10 A failed escape and guilt

-Shadow Cat's POV-

I wake up to the sound of the drawers opening and closing. I can hear as Marie wonders how she forgot to check my pockets. I don't think she realizes she said it out loud. I wanted to get up and yell at her for trying to leave but I resist. I won't lie the thought of her wanting to escape makes my heart hurt. I needed to stop her but I wanted to see if she would get as far as to open the door. So I did what I thought was best, I pretended to be asleep.

I attempted to calm my nerves as she tiptoed back towards me but it upsets me to see her attempt to escape. I begin to become angry as I feel her search through my pockets. I stirred trying to scare her and but she does not do anything. I stayed still wondering what she would do next and my blood boils as she attempts to unlock the door.

I quietly remove the IV and the rest of the equipment and walked towards her. Thanks to my skill, she didn't notice me behind her. She continues to unlock the door and turn the knob. I became furious feeling my blood hot as fire.

Once again, Marie chose to treat me like a worthless criminal. She just wanted to run away from me. "Well, if she believes I'm nothing but a criminal, maybe I should start acting like it. I grab her wrist and turn her around. I wanted her to face the man she was running from, the criminal.

"Where do you think you are going, princess?" I asked not hiding the anger in my voice. Even I have to admit it sounded deadly.

I see Marie gulp and feel her body stiffen at my touch. I can tell she still believes I would hurt her and blood boils even more. I have not touched or hurt her in any way and yet she acts like this. I get it I am a criminal but have I been one to her. I think not. "Are you trying to run away, princess?" I ask keeping the same tone of voice. She looks down refusing to answer me. I continued to speak as I already know the answer to the question.

"Tell me, what exactly where you planning to do, leave so you could betray me?" I kept spitting out the questions. At this point I see fear decorating her face but I couldn't control myself. I can't understand why but it hurt me so bad. "Answer me!" I yelled. I watched her flinch as I raised my voice.

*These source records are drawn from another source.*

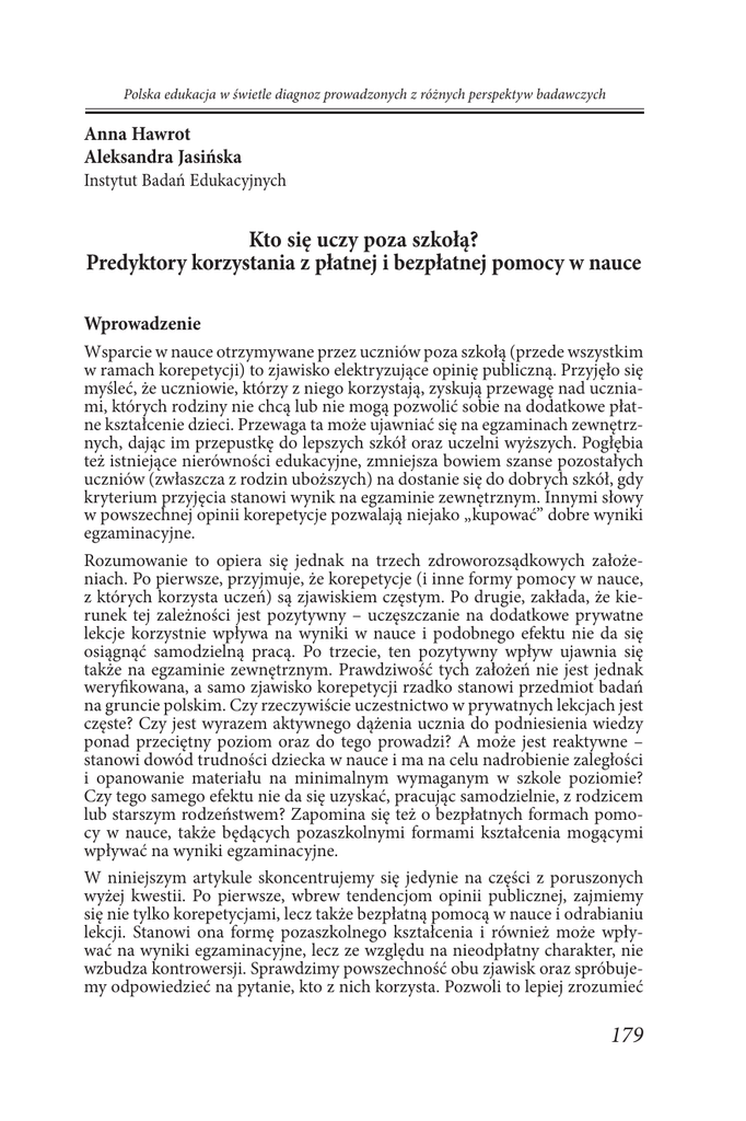 Predyktory korzystania z płatnej i bezpłatnej pomocy w nauce
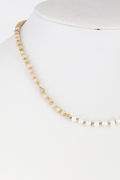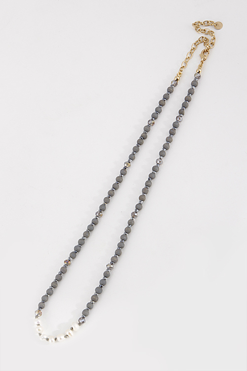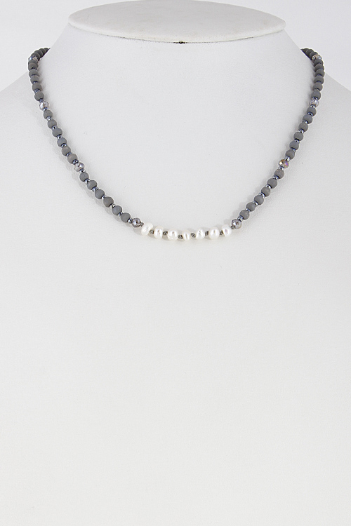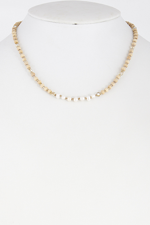 • * Simple Basic Bead Necklace With Faux Pearl 6DAJ10 * 15" approx
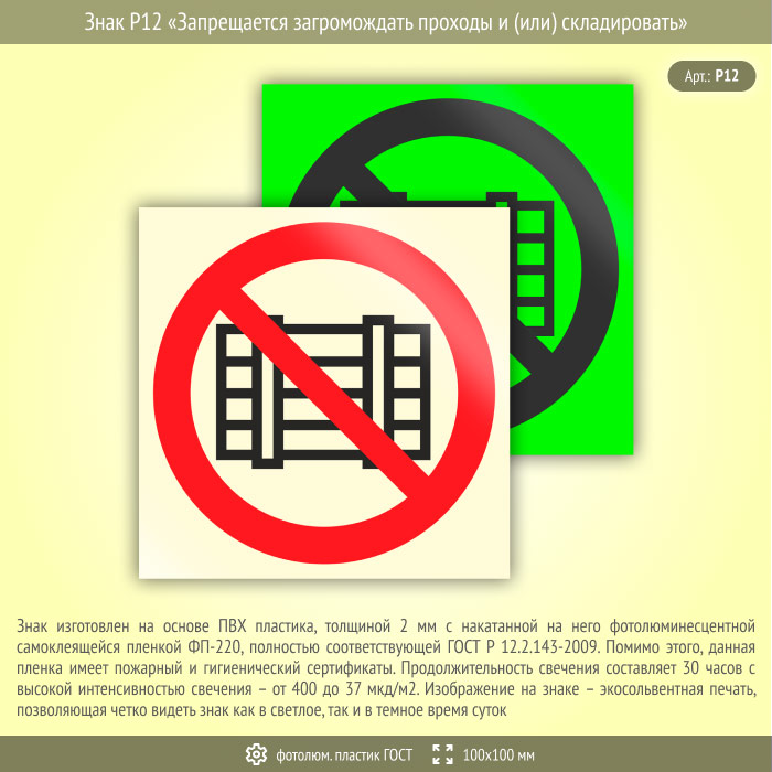 Знак P12 «Запрещается загромождать проходы и (или) складировать» (фотолюминесцентный пластик ГОСТ 34428-2018, 100х100 мм) в Черкесске купить

"I just want to go home!" she yelled at me for the first time ever. I saw tears in her eyes but I could tell it was not out of sadness but anger. "If I wanted to betray you, I would have left you there to die! I just want to go back home" her voice lowered towards the end.

"You are home" I replied trying to lower my voice. Seeing tears in her eyes hurt more than knowing she wanted to leave.

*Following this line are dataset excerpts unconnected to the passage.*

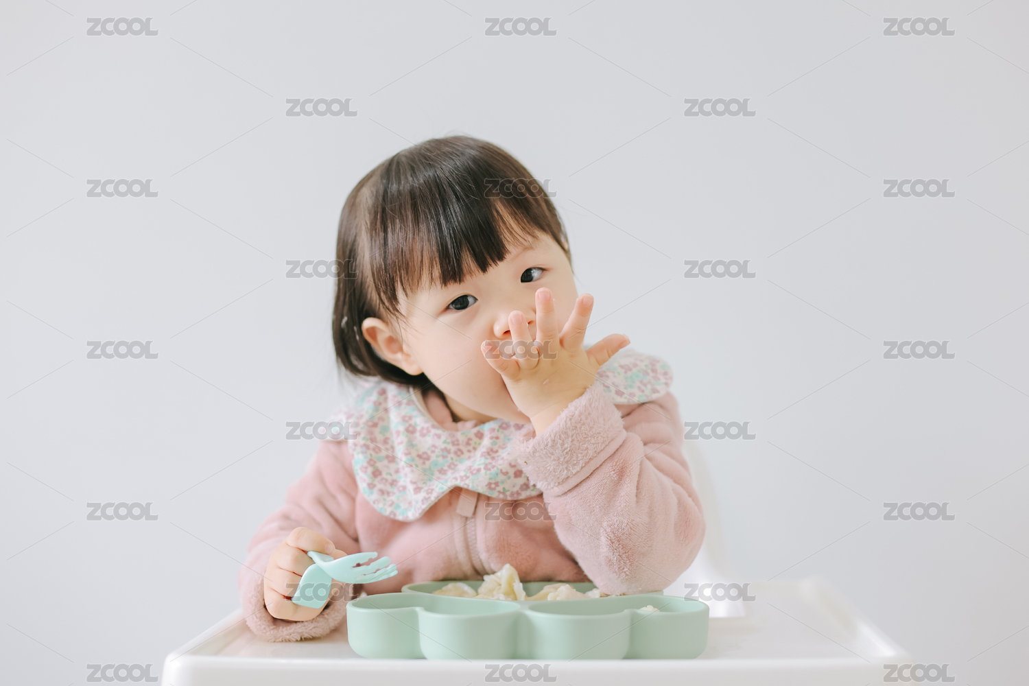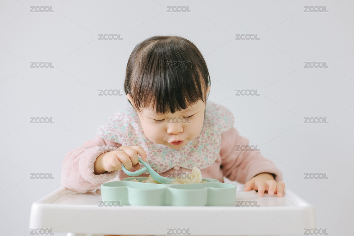 可愛的亞洲寶寶獨自吃輔食
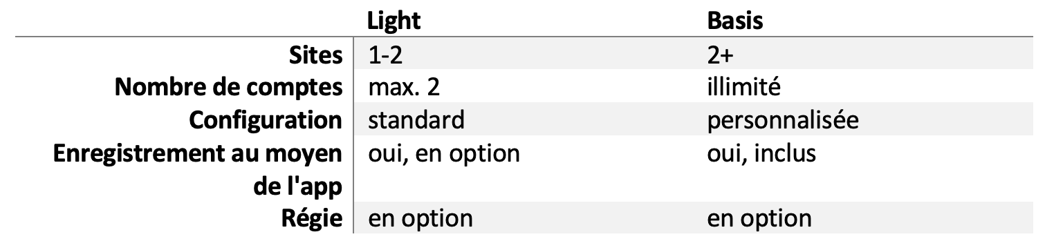 - Tableau de bord clair : aperçu direct du statut d'un ou de plusieurs sites
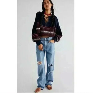 NWT - Free People Poppy Embroidered Indigo Crop Top SIZE: M
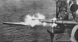 The Royal Navy's 62-centimetre (24.5 in) oxygen-enriched air torpedo saw service in the two Nelson class battleships, although by World War II, the use of enriched oxygen had been discontinued due to safety concerns.[46] In the final phase of the action against Bismarck, Rodney fired a pair of 62-centimetre (24.5 in) torpedoes from her port-side tube and claimed one hit.[47][48][49][50] According to Ludovic Kennedy, "if true, [this is] the only instance in history of one battleship torpedoing another".[51] The Royal Navy continued the development of oxygen-enriched air torpedoes with the 53 cm (21 in) Mk. VII of the 1920s designed for the County-class cruisers although once again these were converted to run on normal air at the start of World War II. Around this time too the Royal Navy were perfecting the Brotherhood burner cycle engine which offered a performance as good as the oxygen-enriched air engine but without the issues arising from the oxygen equipment and which was first used in the extremely successful and long-lived 53 cm (21 in) Mk. VIII torpedo of 1925. This torpedo served throughout WWII (with 3,732 being fired by September 1944) and is still in limited service in the 21st century. The improved Mark VIII** was used in two particularly notable incidents: on 6 February 1945, the only intentional wartime sinking of one submarine by another while both were submerged took place when HMS Venturer sank the German submarine U-864 with four Mark VIII** torpedoes, and on 2 May 1982 the Royal Navy submarine HMS Conqueror sank the Argentine cruiser ARA General Belgrano with two Mark VIII** torpedoes during the Falklands War.[52] This is the only sinking of a surface ship by a nuclear-powered submarine in wartime and the second (of three) sinkings of a surface ship by any submarine since the end of World War II. The other two sinkings were of the Indian frigate INS Khukri and the South Korean corvette ROKS Cheonan.
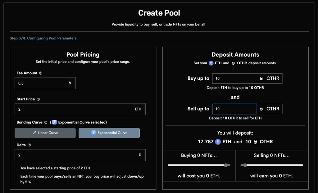 灵活性:随着市场条件的变化,LP可以随时调整其资金池的参数,像是调整NFT的价格范围、当前流动性池价格、买卖时收取的交易费用比例等。
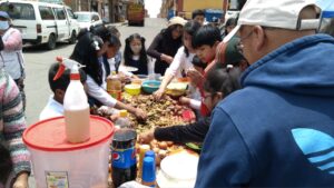 Fue el 16 de diciembre esa actividad de cierre. Llevamos muestras, pancitos, talleres de medicina tradicional, la radio en vivo y callejera, los juegos. Lxs niñxs presentaron su trabajo musical fruto del taller, las familias orgullosas de esos avances. Presentamos el mural vecinal que realizamos junto a nuestrxs hermanxs de Teatro Trono. Tuvimos el teatro de Aymilla Producciones y Tarambanas. Cerramos con un apthapi comunitario. Las familias trajeron su aporte, las caseritas del mercado, lxs niñxs, nostrxs y la gente de Inti Phajsi. Compartimos, nos abrazamos comunitariamente, sentimos el territorio cada vez más digno y nuestro, compartido.
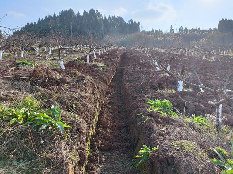冬日的暖阳徐徐升起,2022年1月上旬,五琅坝村果园里有不少村民在劳作,清园、刷白、挖沟、修枝,忙得不亦乐乎。
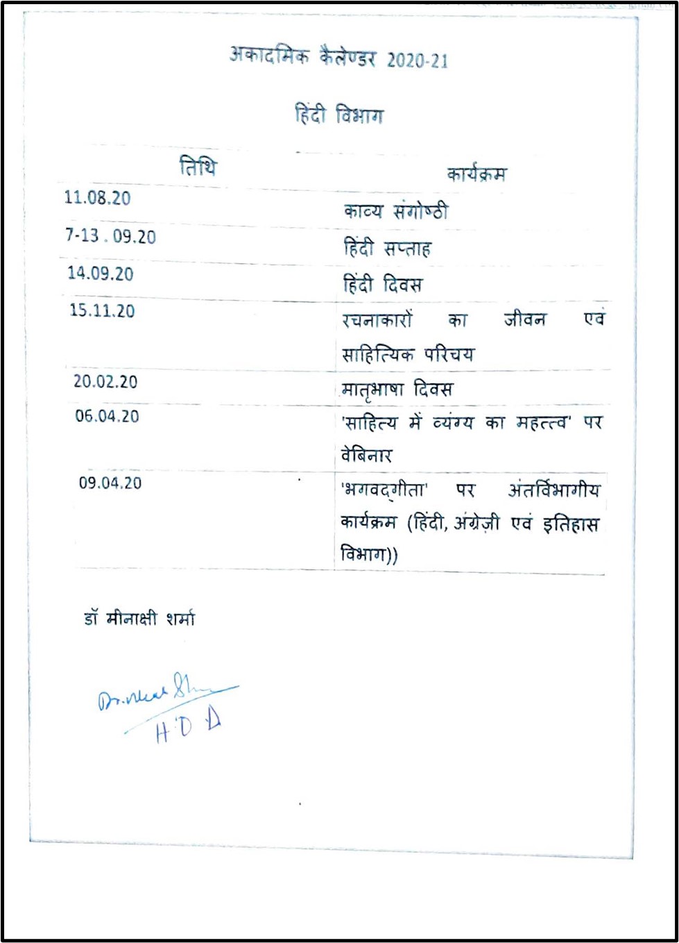 The department of Hindi was established in July 1972. The objective of our department is to make students aware about their mother tongue and to develop excellent proficiency in the Hindi language. Apart from the academic achievements the department engages in various co-curricular activities. The department annually organized Hindi week during Hindi Diwas to highlight the importance of Hindi language. Department of Hindi is committed to enhance student’s ability to communicate effectively.

"No, Never I would never be at home if I'm with you!" She yelled once again. Her words stung as nothing has before. I angrily pulled her away from the door and pulled the key out hastily. I turned to look her in the eyes and spoke low and sternly. "Well, you better start learning to love it because you're stuck with me."

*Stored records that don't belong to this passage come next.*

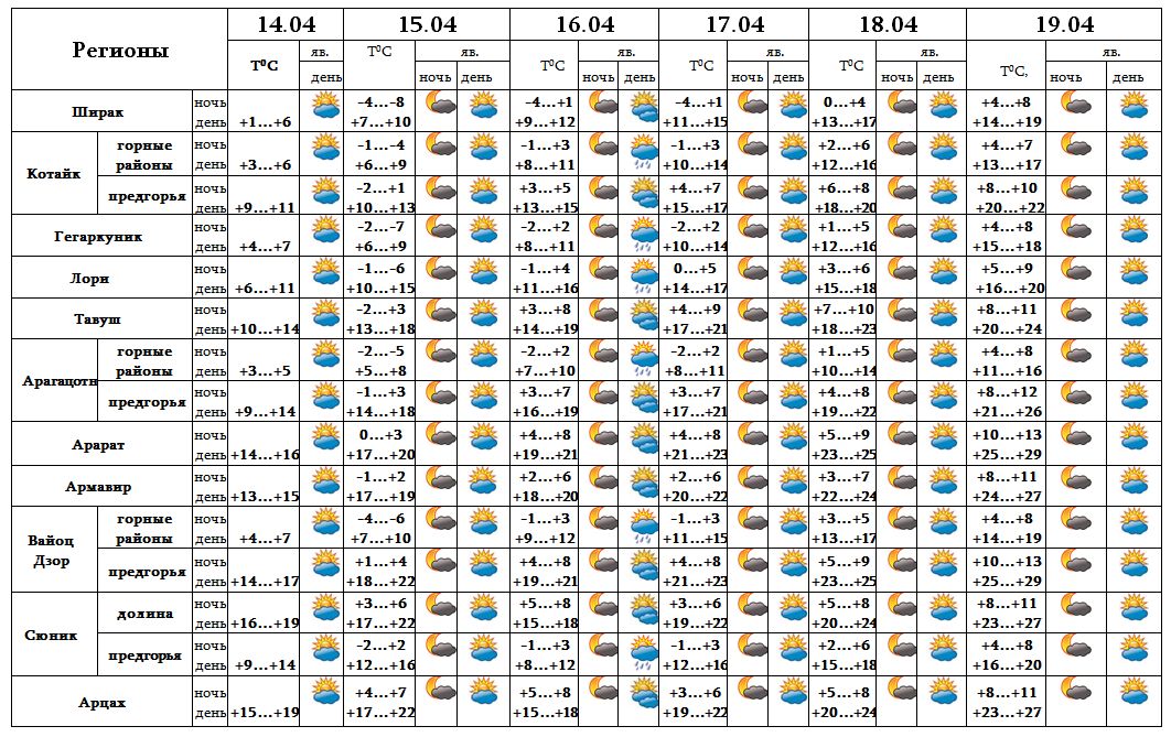 Днем 14-го, 15-го, ночью 16-го, с 17-19 апреля ожидается погода без осадков. .Днем 16-го апреля в отдельных регионах ожидается кратковременный дождь.
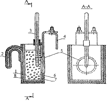 Емкость с вакуумной присоской, заполненная водой. Термометр по ГОСТ 28498 с погрешностью измерения не более 1 °С.
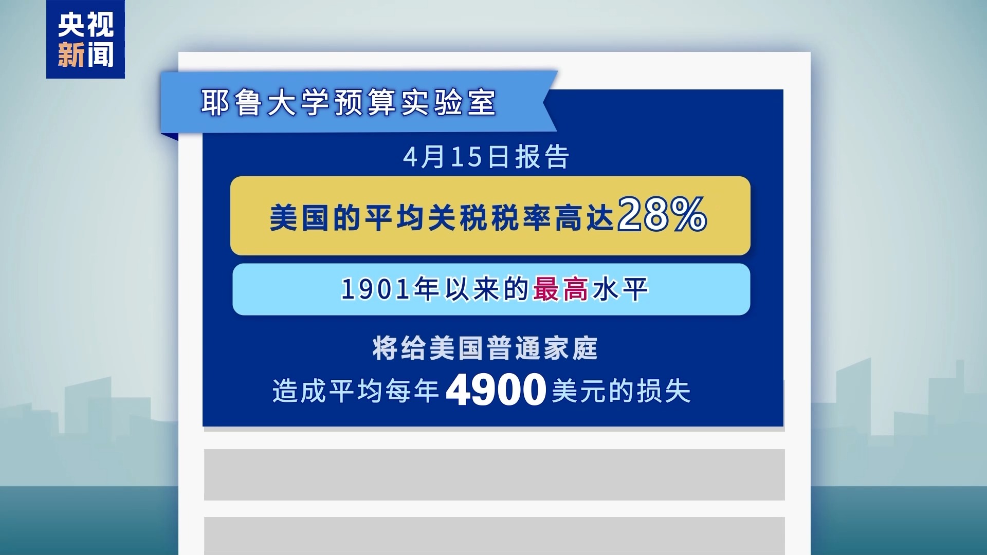 4月15日,在美國(guó)與中國(guó)、英國(guó)達(dá)成協(xié)議前,耶魯大學(xué)預(yù)算實(shí)驗(yàn)室也曾發(fā)布過(guò)一份報(bào)告。這份報(bào)告稱(chēng),美國(guó)的平均關(guān)稅稅率當(dāng)時(shí)高達(dá)28%,為1901年以來(lái)的最高水平。按照當(dāng)時(shí)的關(guān)稅稅率,將給美國(guó)普通家庭造成平均每年4900美元的損失。

"Never! I will get out one day and that day I will make you pay. I should have left you there to die." Her word felt like a bullet to the heart. My body reacted on its own and before I knew it, Marie was on the ground holding the side of her face, my hand in the air. Shit, I slapped her.

-Marie's POV-

He slapped me! I was now on the ground holding the side of my face. My cheek burned, the side of my bottom lip stung, and my eyes filled with tears. No, not from the pain of the slap but the hurt inside of me. After all I did for him he slapped me. It's really my fault for ever giving myself the hope that he would never hurt me.

Seconds letter I feel a warm liquid like substance coming from the side of my mouth right were my lip stung. With my free hand I reach to see what it was, blood. He had busted my lip. I automatically filled with rage. Hate filled my insides like a wildfire. I officially hated this man. I gave him a nasty look and kept my black eyes on his hazel ones as I whispered the only words that were in my mind. "I hate you."

For a split second I thought I saw pain and guilt flash on his eyes but I was quick to shrug it off. He is a criminal he feels nothing especially not guilt. It was probably my imagination playing tricks on me. Not saying a word he bend down and grabbed my arm pulling me up with him. Still silent he pulled me to a bedroom where he proceeded to step out and leave me locked inside. That's when I knew I had messed up.